When large tables are accessed and updated frequently, lock waits are more likely to occur.

As the business develops, some fields need to be split vertically

There are no examples here. In the actual business, you may encounter that some fields that are accessed infrequently or updated less frequently should be separated from the large table.

The amount of data is growing rapidly

With the rapid development of business, the amount of data in a single table will continue to grow. When the performance is close to the bottleneck, we need to consider horizontal segmentation and do sub-database sub-table.

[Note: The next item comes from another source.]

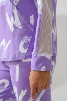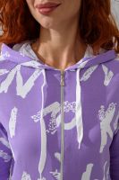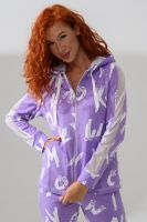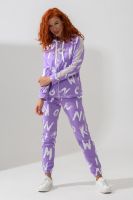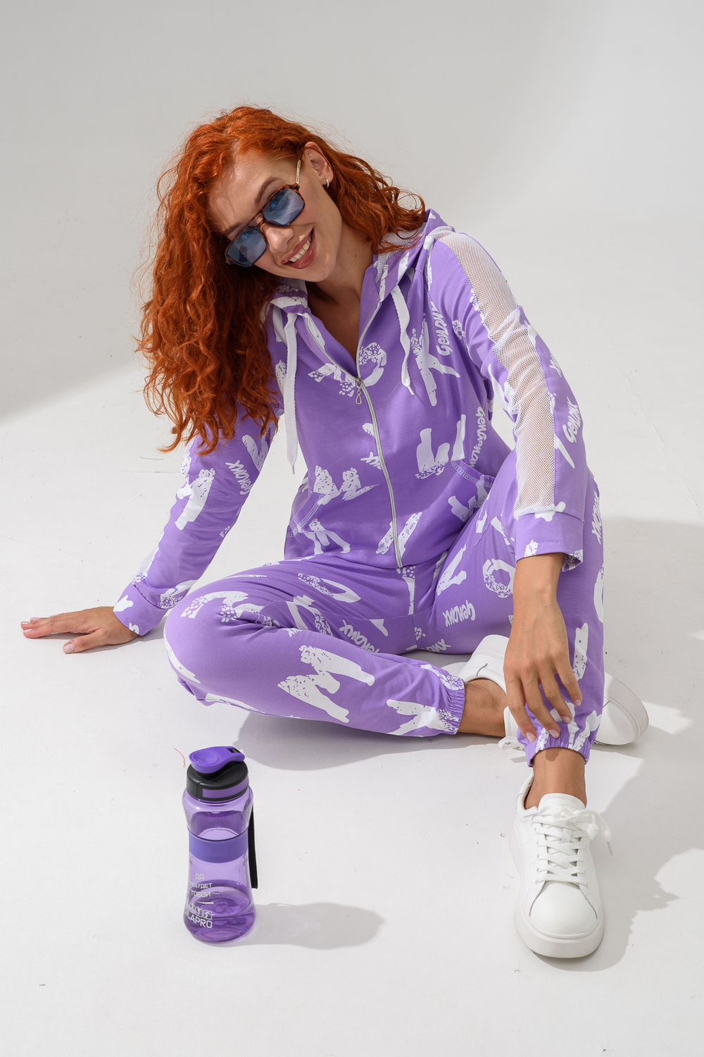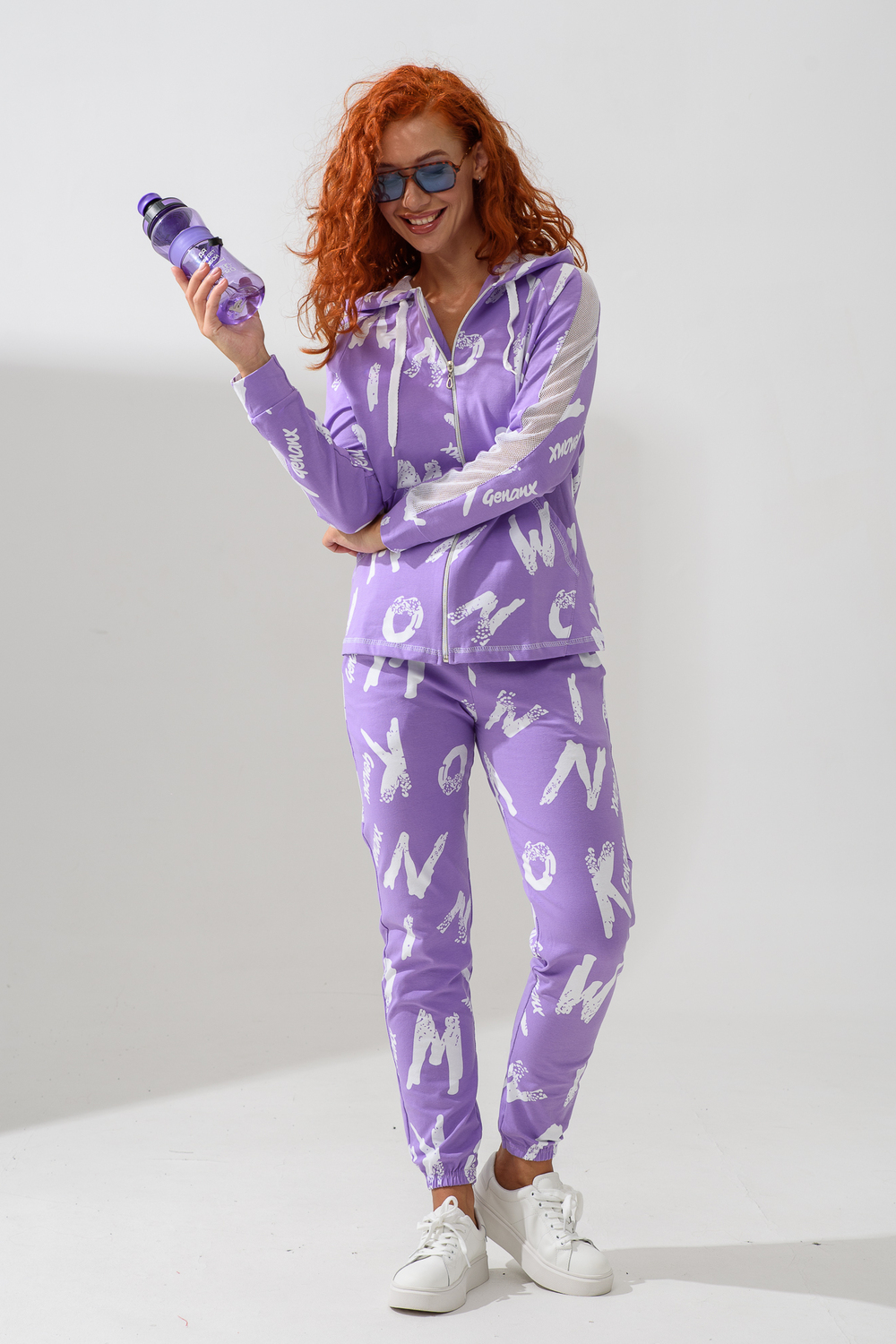 Костюм состоит из толстовки и брюк. Брюки на поясе, с боковыми карманами, на резинке по низу. Толстовка прямая, на молнии, с капюшоном из сетки, с карманами "кенгуру", длиной до середины бедра. Рукав реглан, длинный, с лампасами из сетки вдоль рукава, на манжете.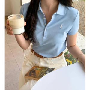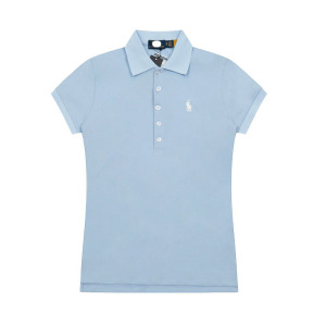 跨境外贸R*L拉夫针织短袖经典小马刺绣翻领排扣女款修身版POLOT恤

Thank you for your reading. The above is the content of "when to consider sub-database and sub-table". After the study of this article, I believe you have a deeper understanding of when to consider sub-database and sub-table. the specific use of the situation also needs to be verified by practice. Here is, the editor will push for you more related knowledge points of the article, welcome to follow!

Welcome to subscribe "Shulou Technology Information " to get latest news, interesting things and hot topics in the IT industry, and controls the hottest and latest Internet news, technology news and IT industry trends.

*The comments in the above article only represent the author's personal views and do not represent the views and positions of this website. If you have more insights, please feel free to contribute and share.